**Your assignment**
Print nothing except the line holding "3шт. браслеты из" and the lines that come after it in the material below, and leave the pictures out.

**Material provided**
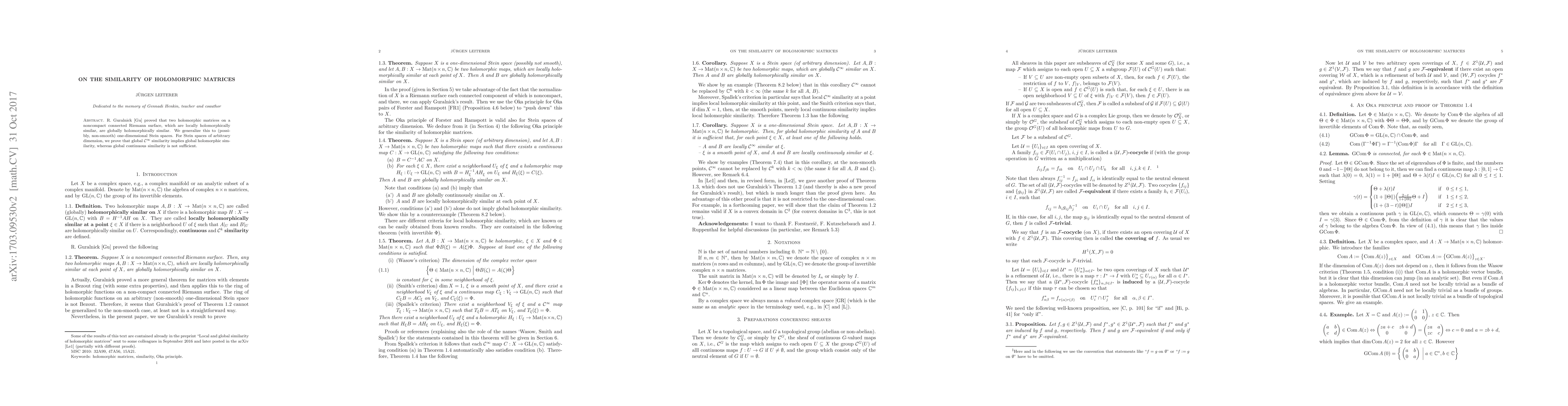 R. Guralnick (Linear Algebra Appl. 99, 85-96, 1988) proved that two holomorphic matrices on a noncompact connected Riemann surface, which are locally holomorphically similar, are globally holomorphically similar. We generalize this to (possibly, non-smooth) one-dimensional Stein spaces. For Stein spaces of arbitrary dimension, we prove that global $\mathcal C^\infty$ similarity implies global holomorphic similarity, whereas global continuous similarity is not sufficient.
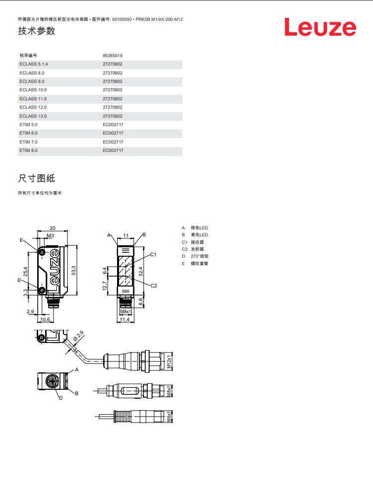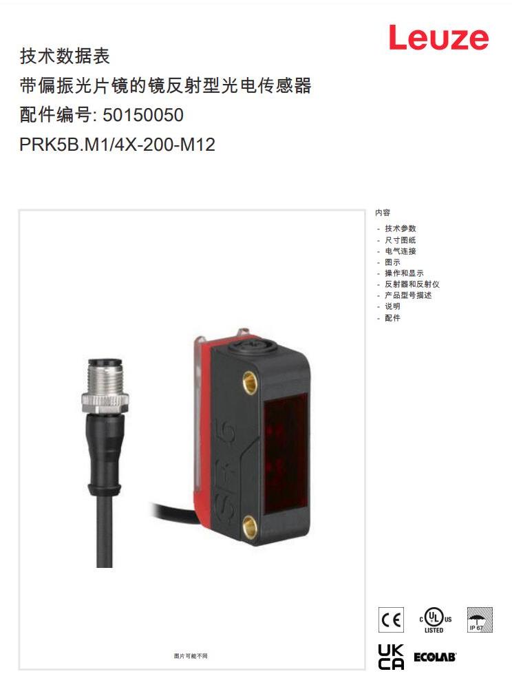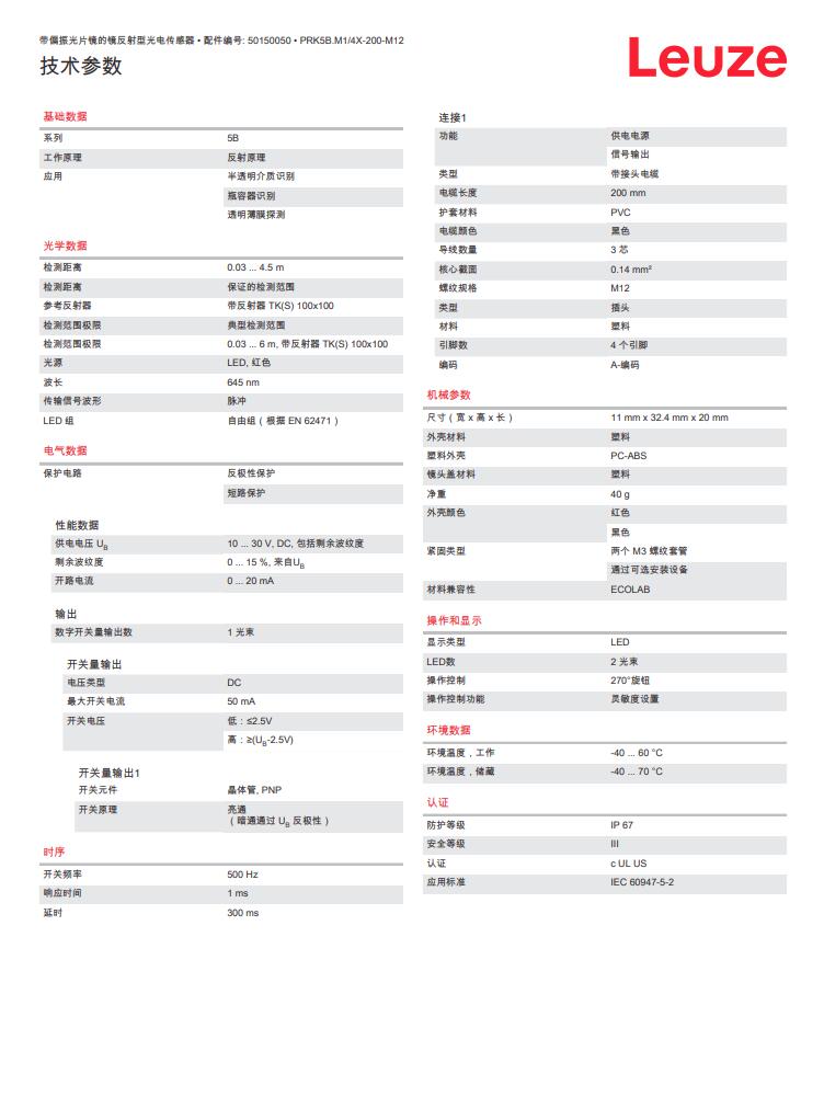 瑞士Leuze劳易测 镜反射型光电传感器PRK5B.M1/4X-200-M12产品详情:
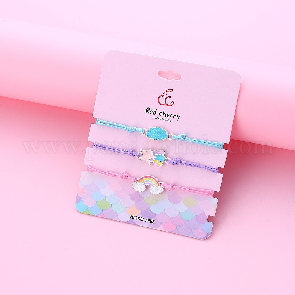 3шт. браслеты из сплава с эмалевыми звеньями, регулируемые плетеные браслеты из вощеного шнура для женщин, звезда, радуга и облако, золотые, без никеля
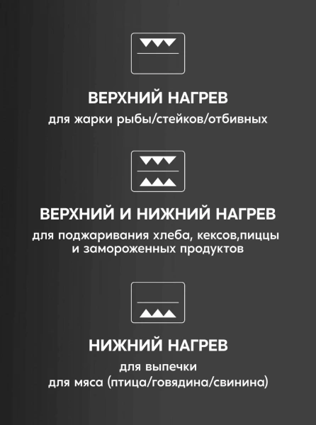 | Режимы духовки | нижний ТЭН, верхний ТЭН, Верхний + нижний нагрев, Верхний нагрев, Нижний нагрев |

**Task answer**
 3шт. браслеты из сплава с эмалевыми звеньями, регулируемые плетеные браслеты из вощеного шнура для женщин, звезда, радуга и облако, золотые, без никеля
 | Режимы духовки | нижний ТЭН, верхний ТЭН, Верхний + нижний нагрев, Верхний нагрев, Нижний нагрев |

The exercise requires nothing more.